Pintado en Roma durante su primer viaje italiano, cuando Velázquez tenía 31 años y absorbía simultáneamente a Tiziano, Tintoretto y la antigüedad romana. Apolo, dorado, semidesnudo, con una corona de laurel, entra en el sucio taller de Vulcano para darle la noticia de que su esposa Venus tiene un affaire con Marte. Los Cíclopes, congelados a mitad de un martillazo, son inconfundiblemente herreros sevillanos reales a los que había estado dibujando durante años. La luz es caravaggesca; el color es veneciano; la dignidad concedida a los trabajadores es Velázquez puro. El cuadro fue llevado de vuelta a Madrid y es ahora una de las piezas centrales del Prado.
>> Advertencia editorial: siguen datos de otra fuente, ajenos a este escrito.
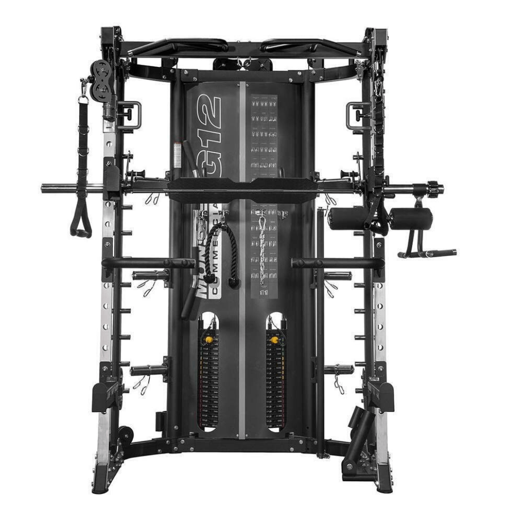 The Force USA G12 All-In-One Trainer / Counter Balanced Smith Machine & Squat Rack comes with an enormous Dual 90.5K/201lb weight stack (1:1 ratio) total (181kg/ 402lb) built to the very highest of quality.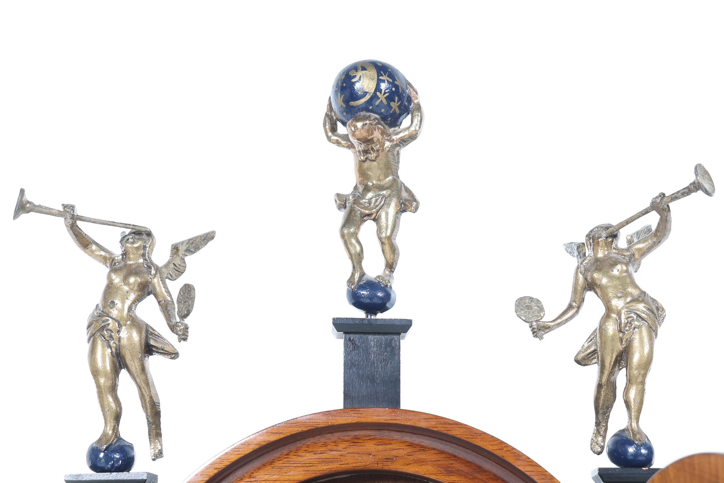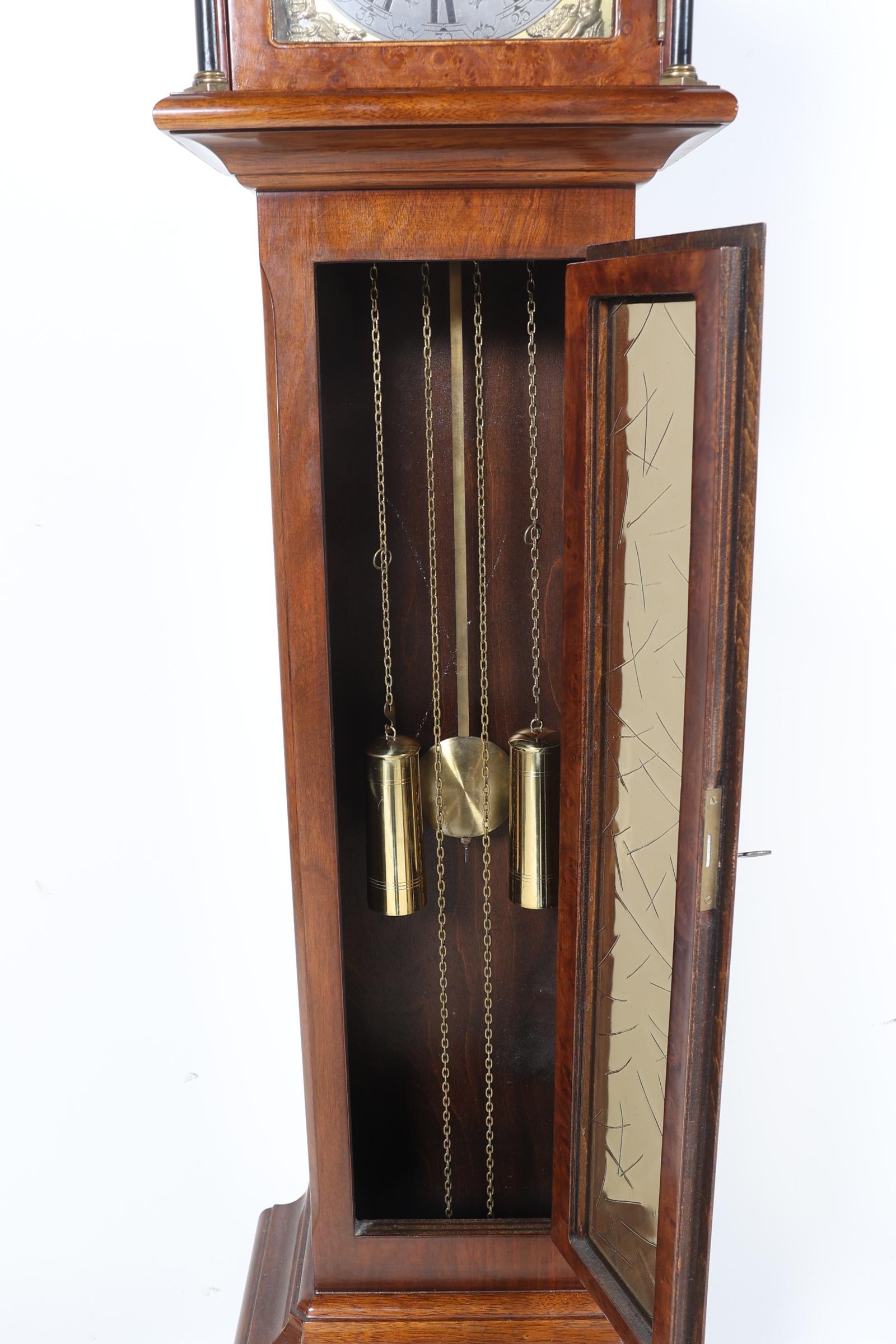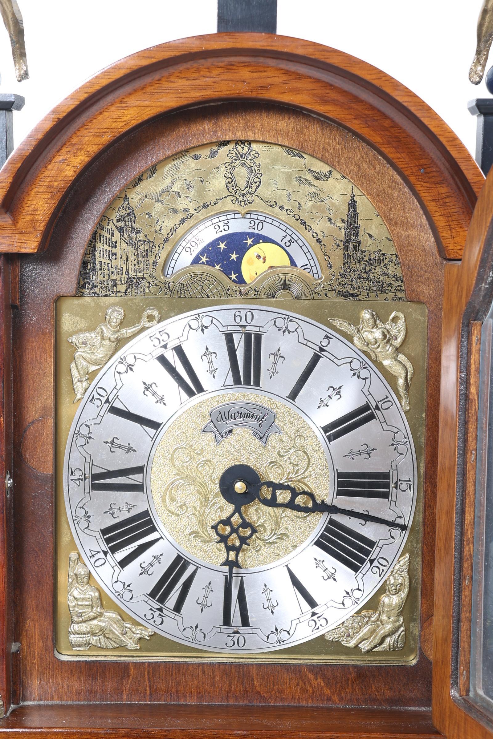 Warmink, klein staand horloge in wortelnotenhouten kast, h.196 cm.

La rendición de Breda by Diego Velázquez (1635)

La rendición de Breda 1635

Encargado para el Salón de Reinos del nuevo Palacio del Buen Retiro de Madrid, este es el gran cuadro de historia española del siglo XVII. El gobernador holandés Justino de Nassau entrega las llaves de la ciudad de Breda al general español Ambrosio Spínola tras un asedio de diez meses en 1625. Spínola se niega a humillarlo. Pone la mano en el hombro del gobernador holandés, casi con suavidad, y se inclina ligeramente hacia delante para recibir las llaves. Las lanzas del ejército español se elevan como un bosque detrás de ellos; el cuadro se llama a veces 'Las Lanzas'. Velázquez nunca visitó Breda — se basó en grabados y conversaciones con Spínola, que se había convertido en amigo suyo. Cuelga en el Prado.

Retrato del papa Inocencio X by Diego Velázquez (1650)

Retrato del papa Inocencio X 1650

Pintado en Roma durante el segundo viaje italiano de Velázquez, en unas pocas sesiones a principios de 1650. El Papa — Giovanni Battista Pamphilj — aparece con una capa de terciopelo rojo y un roquete de raso blanco, sentado en un trono dorado. El rostro es sagaz, marcado, casi airado. Los ojos no miran al espectador sino a alguien ligeramente a la derecha, como si le hubieran interrumpido. La reacción del Papa fue 'troppo vero' — 'demasiado verdadero'. Guardó el cuadro en una galería privada, donde ha colgado desde entonces en el palacio Doria Pamphilj de Roma. Tres siglos después, Francis Bacon se obsesionó con el mismo cuadro y produjo su serie de lienzos del 'Papa que grita'. Bacon nunca logró ver el original; trabajó a partir de una fotografía en blanco y negro.

Las Meninas by Diego Velázquez (1656)

Las Meninas 1656

El último y el más grande de sus cuadros. La infanta Margarita, de cinco años, está de pie en el centro de una sala de techos altos en el palacio real, atendida por dos damas de honor (las meninas del título), dos enanos de la corte, un mastín dormido, una dueña y un guardaespaldas. A la izquierda, el propio Velázquez está de pie ante un enorme lienzo con pincel y paleta, mirando hacia nosotros. En el pequeño espejo al fondo de la habitación, medio cortado por un marco de puerta, están los rostros del rey Felipe IV y la reina Mariana — las personas que el pintor está en realidad retratando, las personas en cuyo lugar estamos nosotros. Es un cuadro que contiene simultáneamente al pintor, la pintura, el tema y el espectador en una única mirada imposible. La infanta murió a los 21 años. El cuadro mide aproximadamente 3 metros de alto por 2,7 de ancho. Cuelga en el Prado, en una sala propia.